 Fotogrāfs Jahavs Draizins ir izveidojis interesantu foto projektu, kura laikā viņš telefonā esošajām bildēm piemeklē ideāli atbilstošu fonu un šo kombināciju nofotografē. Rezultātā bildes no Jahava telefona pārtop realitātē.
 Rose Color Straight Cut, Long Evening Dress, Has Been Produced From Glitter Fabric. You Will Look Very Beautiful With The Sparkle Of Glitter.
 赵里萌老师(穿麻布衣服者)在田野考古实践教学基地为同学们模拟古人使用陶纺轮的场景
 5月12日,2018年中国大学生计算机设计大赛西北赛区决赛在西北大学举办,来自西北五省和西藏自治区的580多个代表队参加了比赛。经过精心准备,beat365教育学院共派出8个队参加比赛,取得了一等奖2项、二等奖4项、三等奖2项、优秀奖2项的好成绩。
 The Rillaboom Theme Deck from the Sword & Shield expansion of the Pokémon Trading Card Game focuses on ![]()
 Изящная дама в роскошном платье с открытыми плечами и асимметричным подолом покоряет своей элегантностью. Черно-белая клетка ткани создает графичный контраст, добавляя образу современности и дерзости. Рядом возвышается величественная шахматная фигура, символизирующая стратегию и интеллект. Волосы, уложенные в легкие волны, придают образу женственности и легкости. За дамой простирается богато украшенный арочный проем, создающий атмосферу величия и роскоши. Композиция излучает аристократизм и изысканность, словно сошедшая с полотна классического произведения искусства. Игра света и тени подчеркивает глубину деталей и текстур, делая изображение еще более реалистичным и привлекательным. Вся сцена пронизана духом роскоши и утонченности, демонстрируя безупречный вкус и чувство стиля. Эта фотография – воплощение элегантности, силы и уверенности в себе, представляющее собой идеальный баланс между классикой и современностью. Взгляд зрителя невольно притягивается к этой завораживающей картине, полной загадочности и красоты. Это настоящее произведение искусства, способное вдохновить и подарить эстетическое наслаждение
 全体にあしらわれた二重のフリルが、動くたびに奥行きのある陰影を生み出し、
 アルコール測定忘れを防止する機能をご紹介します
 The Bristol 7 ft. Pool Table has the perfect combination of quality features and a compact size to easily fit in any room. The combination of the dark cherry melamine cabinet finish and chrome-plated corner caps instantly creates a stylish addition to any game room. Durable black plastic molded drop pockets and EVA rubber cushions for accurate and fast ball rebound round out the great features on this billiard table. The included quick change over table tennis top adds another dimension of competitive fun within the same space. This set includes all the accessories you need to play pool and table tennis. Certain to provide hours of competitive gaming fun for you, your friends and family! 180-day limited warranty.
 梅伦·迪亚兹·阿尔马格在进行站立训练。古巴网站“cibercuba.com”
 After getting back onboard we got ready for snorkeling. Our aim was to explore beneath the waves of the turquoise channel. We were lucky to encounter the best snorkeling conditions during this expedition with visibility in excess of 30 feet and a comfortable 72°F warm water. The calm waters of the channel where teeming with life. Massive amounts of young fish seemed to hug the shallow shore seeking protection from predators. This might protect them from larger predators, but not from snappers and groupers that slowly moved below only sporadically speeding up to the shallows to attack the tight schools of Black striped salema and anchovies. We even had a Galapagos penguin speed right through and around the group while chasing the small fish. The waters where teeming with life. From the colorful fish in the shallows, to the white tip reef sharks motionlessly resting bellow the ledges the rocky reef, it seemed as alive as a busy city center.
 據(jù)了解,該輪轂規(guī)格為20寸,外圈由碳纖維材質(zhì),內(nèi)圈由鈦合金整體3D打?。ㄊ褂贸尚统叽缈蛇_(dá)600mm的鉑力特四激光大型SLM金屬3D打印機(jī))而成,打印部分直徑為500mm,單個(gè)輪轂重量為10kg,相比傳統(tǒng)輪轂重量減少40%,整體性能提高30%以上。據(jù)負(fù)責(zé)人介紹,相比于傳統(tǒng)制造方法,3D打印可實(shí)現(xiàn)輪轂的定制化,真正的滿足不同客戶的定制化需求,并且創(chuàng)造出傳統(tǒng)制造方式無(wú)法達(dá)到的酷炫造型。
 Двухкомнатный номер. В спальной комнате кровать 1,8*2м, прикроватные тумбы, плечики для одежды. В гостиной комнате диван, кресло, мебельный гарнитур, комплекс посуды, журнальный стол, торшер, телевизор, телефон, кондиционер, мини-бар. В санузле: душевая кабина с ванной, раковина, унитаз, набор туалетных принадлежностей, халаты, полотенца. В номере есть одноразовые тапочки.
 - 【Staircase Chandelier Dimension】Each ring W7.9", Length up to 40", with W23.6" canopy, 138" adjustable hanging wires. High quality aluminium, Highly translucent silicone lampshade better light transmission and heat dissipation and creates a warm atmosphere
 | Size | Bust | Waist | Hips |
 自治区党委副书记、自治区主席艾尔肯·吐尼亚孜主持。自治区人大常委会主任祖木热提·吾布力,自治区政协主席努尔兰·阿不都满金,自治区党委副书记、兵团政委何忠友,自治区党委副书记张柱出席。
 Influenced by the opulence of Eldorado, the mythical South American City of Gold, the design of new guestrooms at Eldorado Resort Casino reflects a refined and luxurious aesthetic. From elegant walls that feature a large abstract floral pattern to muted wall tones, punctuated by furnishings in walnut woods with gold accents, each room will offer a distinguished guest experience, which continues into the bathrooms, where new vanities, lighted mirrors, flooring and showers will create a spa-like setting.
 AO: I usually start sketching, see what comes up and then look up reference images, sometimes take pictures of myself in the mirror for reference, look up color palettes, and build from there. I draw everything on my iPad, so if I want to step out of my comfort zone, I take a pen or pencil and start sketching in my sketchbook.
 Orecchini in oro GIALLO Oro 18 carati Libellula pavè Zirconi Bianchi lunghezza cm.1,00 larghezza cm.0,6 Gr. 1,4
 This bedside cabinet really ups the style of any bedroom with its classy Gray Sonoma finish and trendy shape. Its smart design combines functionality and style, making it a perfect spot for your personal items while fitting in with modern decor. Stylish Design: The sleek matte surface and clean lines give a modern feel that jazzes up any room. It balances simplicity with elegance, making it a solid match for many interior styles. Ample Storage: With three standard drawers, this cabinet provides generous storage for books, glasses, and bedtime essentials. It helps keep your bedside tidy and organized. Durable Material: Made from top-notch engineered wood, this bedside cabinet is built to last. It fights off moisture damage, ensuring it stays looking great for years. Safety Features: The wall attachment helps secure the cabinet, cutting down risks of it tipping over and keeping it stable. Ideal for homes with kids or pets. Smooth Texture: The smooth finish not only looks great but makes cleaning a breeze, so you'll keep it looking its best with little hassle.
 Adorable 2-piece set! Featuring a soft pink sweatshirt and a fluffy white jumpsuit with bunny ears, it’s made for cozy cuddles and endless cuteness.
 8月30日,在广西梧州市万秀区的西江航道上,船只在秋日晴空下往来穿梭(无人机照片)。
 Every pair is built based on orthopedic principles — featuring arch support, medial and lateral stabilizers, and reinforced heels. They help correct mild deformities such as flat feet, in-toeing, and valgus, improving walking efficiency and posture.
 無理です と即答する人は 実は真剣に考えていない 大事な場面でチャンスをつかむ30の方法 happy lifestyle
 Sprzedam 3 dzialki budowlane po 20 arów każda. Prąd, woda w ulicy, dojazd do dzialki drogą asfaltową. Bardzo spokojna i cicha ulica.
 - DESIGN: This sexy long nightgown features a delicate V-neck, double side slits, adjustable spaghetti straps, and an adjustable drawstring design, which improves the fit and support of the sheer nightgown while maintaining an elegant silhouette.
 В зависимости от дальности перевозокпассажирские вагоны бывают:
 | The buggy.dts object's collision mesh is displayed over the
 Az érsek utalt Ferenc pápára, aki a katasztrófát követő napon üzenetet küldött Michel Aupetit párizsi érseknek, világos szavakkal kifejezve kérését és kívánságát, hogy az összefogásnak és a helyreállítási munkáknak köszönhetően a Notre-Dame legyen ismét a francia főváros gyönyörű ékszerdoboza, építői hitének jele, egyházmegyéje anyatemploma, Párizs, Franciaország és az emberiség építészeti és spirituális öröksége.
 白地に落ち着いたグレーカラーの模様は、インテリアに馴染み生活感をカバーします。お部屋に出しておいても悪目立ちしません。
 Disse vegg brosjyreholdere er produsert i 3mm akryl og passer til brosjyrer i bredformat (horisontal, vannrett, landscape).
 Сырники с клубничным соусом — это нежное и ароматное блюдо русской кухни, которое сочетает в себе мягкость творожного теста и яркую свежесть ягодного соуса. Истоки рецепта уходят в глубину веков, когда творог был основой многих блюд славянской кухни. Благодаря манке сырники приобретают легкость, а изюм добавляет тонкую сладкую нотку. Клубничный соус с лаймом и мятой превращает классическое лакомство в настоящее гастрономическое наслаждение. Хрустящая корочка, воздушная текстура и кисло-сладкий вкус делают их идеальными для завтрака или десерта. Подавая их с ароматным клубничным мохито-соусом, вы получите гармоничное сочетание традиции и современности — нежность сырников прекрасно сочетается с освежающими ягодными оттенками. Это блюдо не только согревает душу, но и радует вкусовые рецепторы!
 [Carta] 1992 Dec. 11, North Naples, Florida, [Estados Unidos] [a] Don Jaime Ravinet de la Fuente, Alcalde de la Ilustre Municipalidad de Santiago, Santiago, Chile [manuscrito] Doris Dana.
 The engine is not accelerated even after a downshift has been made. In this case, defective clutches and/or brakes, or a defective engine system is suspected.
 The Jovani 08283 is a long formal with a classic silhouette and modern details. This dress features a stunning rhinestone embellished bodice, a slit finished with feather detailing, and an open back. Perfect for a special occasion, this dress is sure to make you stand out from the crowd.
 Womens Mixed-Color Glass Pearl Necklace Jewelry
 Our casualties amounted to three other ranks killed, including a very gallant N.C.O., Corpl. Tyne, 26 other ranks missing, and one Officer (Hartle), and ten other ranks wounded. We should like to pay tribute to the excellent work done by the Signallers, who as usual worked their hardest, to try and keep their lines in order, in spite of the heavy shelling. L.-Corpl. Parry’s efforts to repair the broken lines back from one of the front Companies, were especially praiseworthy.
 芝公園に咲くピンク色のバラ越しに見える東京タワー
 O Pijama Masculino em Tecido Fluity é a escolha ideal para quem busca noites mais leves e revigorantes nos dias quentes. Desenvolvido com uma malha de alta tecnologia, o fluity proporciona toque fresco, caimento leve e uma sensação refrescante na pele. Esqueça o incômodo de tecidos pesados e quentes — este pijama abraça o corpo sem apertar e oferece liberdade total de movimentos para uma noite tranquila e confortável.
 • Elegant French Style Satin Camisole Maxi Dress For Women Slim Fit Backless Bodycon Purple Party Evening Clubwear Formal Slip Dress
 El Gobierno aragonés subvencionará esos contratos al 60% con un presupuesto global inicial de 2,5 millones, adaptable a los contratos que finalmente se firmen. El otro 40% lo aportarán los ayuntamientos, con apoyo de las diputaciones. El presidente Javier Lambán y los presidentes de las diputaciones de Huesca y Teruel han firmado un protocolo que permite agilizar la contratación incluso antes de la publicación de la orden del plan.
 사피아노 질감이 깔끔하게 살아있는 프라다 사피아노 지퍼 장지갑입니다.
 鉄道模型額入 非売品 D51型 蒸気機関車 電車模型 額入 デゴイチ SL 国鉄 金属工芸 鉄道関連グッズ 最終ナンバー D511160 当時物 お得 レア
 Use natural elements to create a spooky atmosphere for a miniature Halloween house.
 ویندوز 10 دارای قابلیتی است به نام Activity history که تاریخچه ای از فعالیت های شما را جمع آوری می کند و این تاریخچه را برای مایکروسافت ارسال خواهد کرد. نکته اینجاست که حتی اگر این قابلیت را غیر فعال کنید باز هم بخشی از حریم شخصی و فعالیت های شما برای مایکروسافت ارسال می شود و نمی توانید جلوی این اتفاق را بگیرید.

* GOAL OF THE EXERCISE *
Only lines with the word "Evening" are needed. Copy them from the preceding records.

* OUTPUT FOR THIS EXERCISE *
 Rose Color Straight Cut, Long Evening Dress, Has Been Produced From Glitter Fabric. You Will Look Very Beautiful With The Sparkle Of Glitter.
 • Elegant French Style Satin Camisole Maxi Dress For Women Slim Fit Backless Bodycon Purple Party Evening Clubwear Formal Slip Dress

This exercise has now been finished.